Había una vez un reino junto al mar donde vivía un soldado muy cobarde, aunque todos pensaban que era muy valiente, ya que cuando divisaba al enemigo corría tantísimo que recorría el mundo entero; de este modo llegaba hasta las espaldas del ejército adversario, que, sorprendido por la maniobra, se rendía.

El soldado, además, no era ni fuerte ni cruel ni estratega; se había criado en una familia de pescadores que, al ver que a su hijo le daban miedo las olas, las sirenas y la inmensidad del mar, decidieron hacer carrera de él como pinche de cocina, de resultas que acabó en la intendencia militar de aquel reino belicoso, hasta que un día, por falta de tropa, le pusieron un uniforme, le dieron un fusil y una bayoneta y le hicieron desfilar, ante la mirada atónita de sus padres. El soldado tuvo pesadillas con eso de matar a otro soldado solo porque hubiera nacido en otro reino, hasta que por fin descubrió la treta de salir corriendo y consiguió dormir tranquilo, pues recorrer despavorido el mundo entero cansa mucho, casi tanto como las fiestas que hacían en su honor, para celebrar su táctica tan astuta como novedosa.

Su general le había dado ya cien medallas y el rey se estaba pensando darle la mano de su hija (bueno, la mano y todo lo demás), porque nadie podía concebir hombre más temerario ni guerrero más aguerrido.

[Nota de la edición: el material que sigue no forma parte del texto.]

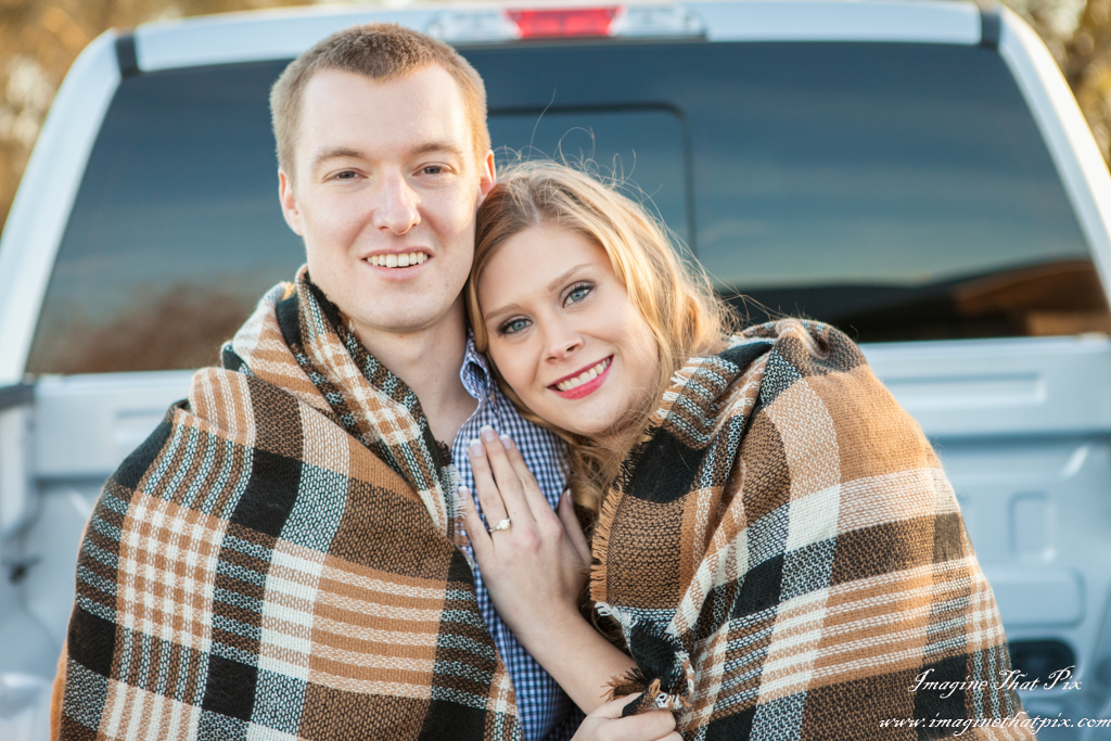 Quite possibly my favorite aspect to this shoot was the specific things that our couple brought. The wood plaque with their date on it is one they made. The darling wrap in the bed of his truck? Theirs too. but my absolute favorite is the album cover, where the simple joys are captured in the fact that their heads together make a heart. I absolutely cannot wait for the wedding, as this is going to be one for the books! Something equally to note: the more fun you are willing to have on your shoot, the more likely we are to get images that show your joy, your love, and your laughter naturally. Alyson and John joked, laughed, and cut up throughout the shoot. We tried things that sounded like they would look good and to our amazement some really did. Others were the fodder for the next really good laugh. Moral to the story? Forget the camera is there, and be silly. Be in love. And most of all, enjoy!

La princesa era una mujer de gran carácter, que rechazaba y se burlaba de todos los príncipes que la pretendían; por eso el rey pensaba que ante el Soldado Valiente (¡sí, así le llamaban!) no podría evitar caer enamorada, y él por fin tendría nietos a los que iría a visitar los domingos, y no una hija que de lunes a sábado se reía de todos sus pretendientes y de las barbas de su padre. ¿Qué hacía la princesa los domingos? El rey no lo sabía, nunca lo había averiguado; para un día que le dejaba tranquilo€

Un día, el rey se decidió a llamar al soldado. Como no podía desobedecer la orden, el soldado se presentó temblando de miedo y se quedó pasmado ante las riquezas que atesoraba el palacio. Aunque era muy cobarde, cuando vio a la princesa se le olvidaron las riquezas y las batallas y los enemigos y el rey y se dio cuenta de que se había enamorado; la princesa era su alma gemela y al fin la había encontrado. También supo que era imposible que una mujer así se fijara en él y que si de un modo improbable pudiera llegar a hacerlo, cuando le confesara la verdad de su cobardía, la princesa se reiría de él y seguiría con lo que fuera que hacía la princesa cuando no se burlaba de soldados cobardes y de las barbas de su padre. Así que decidió amarla para siempre en silencio: con esa idea, compraría una foto de la princesa y la pondría en su dormitorio, para poder conversar con ella sin que la princesa tuviera que tomarse la molestia de responderle.

En efecto, la princesa contempló al soldado y se encogió de hombros. No era para tanto y, si quería estar con ella, se lo tendría que currar. Puso la mejor de sus sonrisas y con su voz más seductora le dijo al soldado:

-Soldado Valiente, si me respondes a una cosa, me caso contigo: ¿qué hago los domingos cuando no estoy en casa y dejo de reírme de mis pretendientes y de las barbas de mi padre?

El soldado la miró y le dijo:

-Los domingos, bella princesa, echas a correr sin parar, porque tienes miedo de casarte con un príncipe aburrido e interesado que solo quiere tus riquezas. Corres tanto que, sin darte cuenta, das la vuelta al mundo y acabas otra vez en tu bonito palacio lleno de riquezas.

A la princesa se le olvidaron las riquezas y los pretendientes y las barbas de su padre y se dio cuenta de que se había enamorado; el soldado era su alma gemela y al fin la había encontrado.